======== PROVIDED ENTRIES ========
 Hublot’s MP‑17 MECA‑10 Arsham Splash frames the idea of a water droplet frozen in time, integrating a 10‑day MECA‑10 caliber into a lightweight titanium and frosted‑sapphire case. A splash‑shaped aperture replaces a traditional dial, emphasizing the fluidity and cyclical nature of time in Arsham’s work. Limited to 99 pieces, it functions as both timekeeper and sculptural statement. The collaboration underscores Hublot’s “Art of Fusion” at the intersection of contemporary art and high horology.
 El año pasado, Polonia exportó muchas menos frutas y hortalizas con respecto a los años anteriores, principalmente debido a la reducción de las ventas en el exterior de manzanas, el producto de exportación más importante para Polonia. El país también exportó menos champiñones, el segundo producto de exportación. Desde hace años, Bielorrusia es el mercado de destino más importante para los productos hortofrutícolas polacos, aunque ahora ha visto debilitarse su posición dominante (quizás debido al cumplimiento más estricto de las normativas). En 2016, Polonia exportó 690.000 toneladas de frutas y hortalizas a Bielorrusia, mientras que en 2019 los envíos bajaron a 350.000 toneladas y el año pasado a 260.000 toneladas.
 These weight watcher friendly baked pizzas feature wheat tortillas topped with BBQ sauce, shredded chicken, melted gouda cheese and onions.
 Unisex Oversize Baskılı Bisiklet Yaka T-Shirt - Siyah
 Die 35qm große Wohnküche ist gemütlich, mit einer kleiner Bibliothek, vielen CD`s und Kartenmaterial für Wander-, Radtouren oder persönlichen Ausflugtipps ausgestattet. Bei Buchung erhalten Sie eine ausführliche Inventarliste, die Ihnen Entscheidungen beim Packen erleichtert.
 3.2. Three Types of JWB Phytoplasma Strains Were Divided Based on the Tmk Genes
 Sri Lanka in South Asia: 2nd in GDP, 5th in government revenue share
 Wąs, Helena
========
======== PROVIDED ENTRIES ========
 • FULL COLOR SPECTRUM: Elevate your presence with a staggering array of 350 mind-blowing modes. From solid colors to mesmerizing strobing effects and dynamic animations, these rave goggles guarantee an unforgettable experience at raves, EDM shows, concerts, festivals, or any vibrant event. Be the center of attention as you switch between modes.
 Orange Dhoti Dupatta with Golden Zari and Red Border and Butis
========
Within the listing above, extract exactly the lines from the line with "These weight watcher" to the line with "Wąs, Helena", the two named lines included, and no others.

 These weight watcher friendly baked pizzas feature wheat tortillas topped with BBQ sauce, shredded chicken, melted gouda cheese and onions.
 Unisex Oversize Baskılı Bisiklet Yaka T-Shirt - Siyah
 Die 35qm große Wohnküche ist gemütlich, mit einer kleiner Bibliothek, vielen CD`s und Kartenmaterial für Wander-, Radtouren oder persönlichen Ausflugtipps ausgestattet. Bei Buchung erhalten Sie eine ausführliche Inventarliste, die Ihnen Entscheidungen beim Packen erleichtert.
 3.2. Three Types of JWB Phytoplasma Strains Were Divided Based on the Tmk Genes
 Sri Lanka in South Asia: 2nd in GDP, 5th in government revenue share
 Wąs, Helena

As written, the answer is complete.